Because of Niyazov's policy, "Turkmenistan is transformed into a primitive police state with its only purpose President Niyazov's political survival. Niyazov has discredited the idea of the state's constant neutrality, which was supposed to promote harmonious integration of Turkmenistan into the world community. In fact Turkmenistan today has a dubious reputation, both in the West, and in the East."
He also added that in Turkmenistan "...there are no constitutional opportunities of expression of disagreement with such a situation at all. Anyone who tries to protest is immediately exposed to persecution, accused of criminal plans and subversive activities." (RFE/RL Turkmen Service)

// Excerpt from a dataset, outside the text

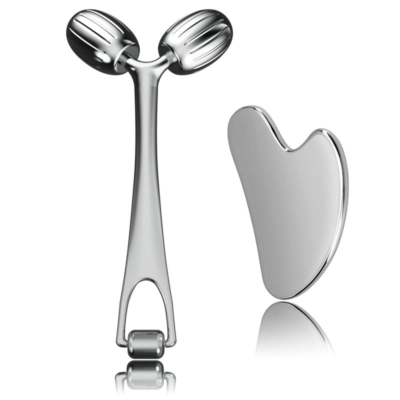 Yeamon Face Massager, Metal Face Roller Gua Sha Massage Tool for Face Neck Eye Body Skin Care, Facial Roller for Women

Turkmenistan Celebrates 10th Anniversary Of Independence
27 October 2001
Turkmenistan celebrated the 10th anniversary of its independence on 27 October in lavish style.
The Turkmen military displayed new tanks and armaments in a parade through the center of the capital Ashgabat.
Turkmen President Niyazov, who has maintained an iron grip over this former Soviet republic since it claimed its independence from Moscow exactly 10 years ago, watched serenely as row upon row of troops marched across Independence Square shouting the national slogan "People, Fatherland, and Turkmenbashi."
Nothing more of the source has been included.